Actually could you please post which export setting I need for each of the ones listed?
And on my computer, yes I know from experimenting that the best quality takes up WAAY too much, so I need the next best quality like a little bit of quality loss, to export to after effects, I know about the file compression and quality loss, but give me specific details, in video audio, format, etc... bitrate and such, please and thank u. 
the reason I need high quality eport is because I intend to export it back into premiere one more time so i can't have quality loss, I need to export it about 3-4 times in total inbetween after effects and premiere and final export, also when exporting to AE I need high quality so that they keying out is much more clear.
The output I need this video to be:
1.DVD for my class, this is a school project, and as a portfolio disc
2.Web Streaming/file sharing (youtube/veoh) for friends and family to see
I need these all to be the best possible quality without going over the file size limit
please and thank you for all your help


----------



## zuluclayman

If you are going to be going back and forth between Premiere and AE make sure you set the project settings to be the same in both. This way you can just copy and paste segments between Premiere and AE, taking the original DV footage that Premiere is using and thereby eliminating any compression worries.
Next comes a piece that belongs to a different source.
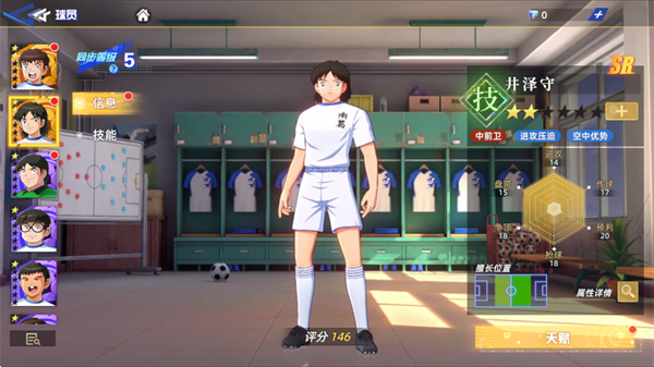 井泽守在场时,若我方任意球员在前场成功夺回球权时井泽守有50%几率增加6.3%

In AE when you go to the Export command in File menu it will give you the option of exporting as a Premiere Pro project, again eliminating the need to compress multiple times.
As for final export settings:
export for DVD and/or computer use - either use the presets available within Premiere (PAL, NTSC, menus etc.) to burn your DVD or use the presets to make an .avi file that you can then use a dedicated DVD authoring tool (Nero, DVD-Flick etc) to make your DVD from and also use as a file to be played on your computer.
For the .avi file when you go to Export it will give you choices of settings (settings button)
General - Microsoft avi
Compressor - this will depend on which codecs you have installed on your computer - if you want good quality with minimal compression choose a lossless codec such as Huffyuv v2.1.1 (this will result in large file sizes) or use the default Cinepack, Indeo video 5.10 etc for smaller file size. For even smaller file sizes use Xvid or h.264 codecs - these give way smaller file sizes with minimal loss of quality - many youtube videos are compressed with these. Auto Gordian Knot (link in my sig) is a freeware video compressor that uses Xvid or DivX to compress video files.
If it is just for your computer you could use an mpeg2 file and set the video quality to its highest on quality slider, bitrate encoding to VBR 2 pass, bitrate slider to maximum rate of 9. 
Audio settings (for all uses) should be at either "same as source" or to stereo 48KHz @ 192kbps (at least) - audio takes up very little space compared to video so always use it uncompressed and at highest settings (if your original audio is poor don't expect improvement by higher settings - it can only work with what information it has)
Premiere or the DVD authoring tool will compress the video and audio to fit a standard DVD disc using their own preset settings.
For web use look on the Help pages of the sites you are using - both Youtube and Veoh have information there for their preferred file format, resolution etc.

hope this helps :grin:


----------